Records provided:
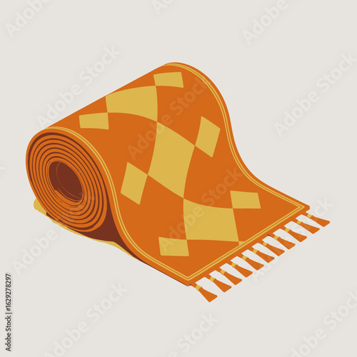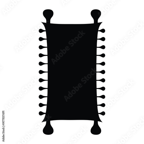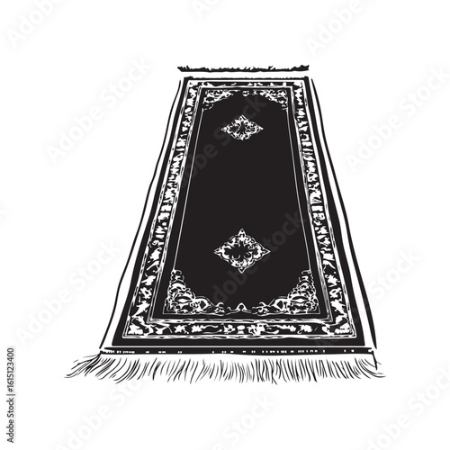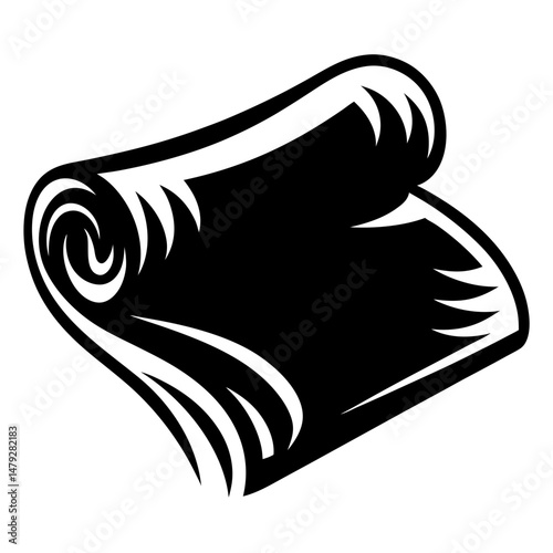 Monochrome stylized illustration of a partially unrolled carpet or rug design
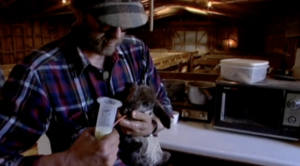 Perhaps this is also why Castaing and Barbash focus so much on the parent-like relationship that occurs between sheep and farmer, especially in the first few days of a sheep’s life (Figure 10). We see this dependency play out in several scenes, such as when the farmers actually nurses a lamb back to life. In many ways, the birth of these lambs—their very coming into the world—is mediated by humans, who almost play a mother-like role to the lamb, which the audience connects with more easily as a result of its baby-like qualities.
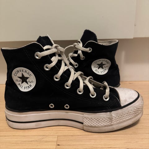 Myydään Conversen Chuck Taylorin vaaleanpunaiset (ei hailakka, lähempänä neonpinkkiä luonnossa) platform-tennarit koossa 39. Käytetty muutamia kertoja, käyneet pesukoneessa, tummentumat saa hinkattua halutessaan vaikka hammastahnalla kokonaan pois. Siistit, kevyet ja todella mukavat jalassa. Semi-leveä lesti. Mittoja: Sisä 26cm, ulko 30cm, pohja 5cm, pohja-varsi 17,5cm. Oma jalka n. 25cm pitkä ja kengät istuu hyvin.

--

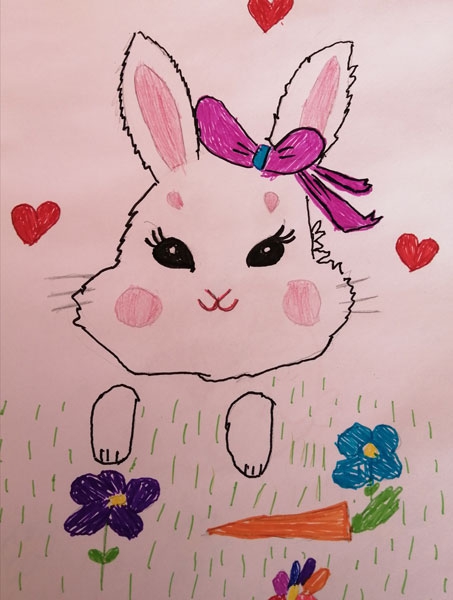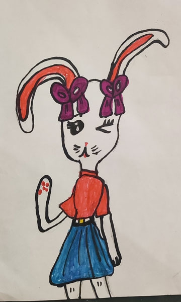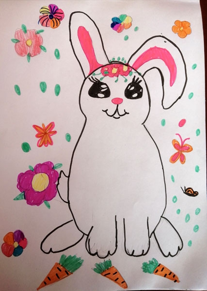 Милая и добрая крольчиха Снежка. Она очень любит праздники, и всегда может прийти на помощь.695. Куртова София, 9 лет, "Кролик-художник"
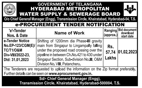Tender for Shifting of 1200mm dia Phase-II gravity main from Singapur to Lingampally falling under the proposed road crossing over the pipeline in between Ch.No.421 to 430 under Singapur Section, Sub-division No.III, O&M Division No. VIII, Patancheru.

Task to carry out: Exercise for the records above: copy only the lines from the one with "Monochrome stylized illustration" to the one with "Myydään Conversen Chuck", both ends kept, and drop the pictures.

Result:
 Monochrome stylized illustration of a partially unrolled carpet or rug design
 Perhaps this is also why Castaing and Barbash focus so much on the parent-like relationship that occurs between sheep and farmer, especially in the first few days of a sheep’s life (Figure 10). We see this dependency play out in several scenes, such as when the farmers actually nurses a lamb back to life. In many ways, the birth of these lambs—their very coming into the world—is mediated by humans, who almost play a mother-like role to the lamb, which the audience connects with more easily as a result of its baby-like qualities.
 Myydään Conversen Chuck Taylorin vaaleanpunaiset (ei hailakka, lähempänä neonpinkkiä luonnossa) platform-tennarit koossa 39. Käytetty muutamia kertoja, käyneet pesukoneessa, tummentumat saa hinkattua halutessaan vaikka hammastahnalla kokonaan pois. Siistit, kevyet ja todella mukavat jalassa. Semi-leveä lesti. Mittoja: Sisä 26cm, ulko 30cm, pohja 5cm, pohja-varsi 17,5cm. Oma jalka n. 25cm pitkä ja kengät istuu hyvin.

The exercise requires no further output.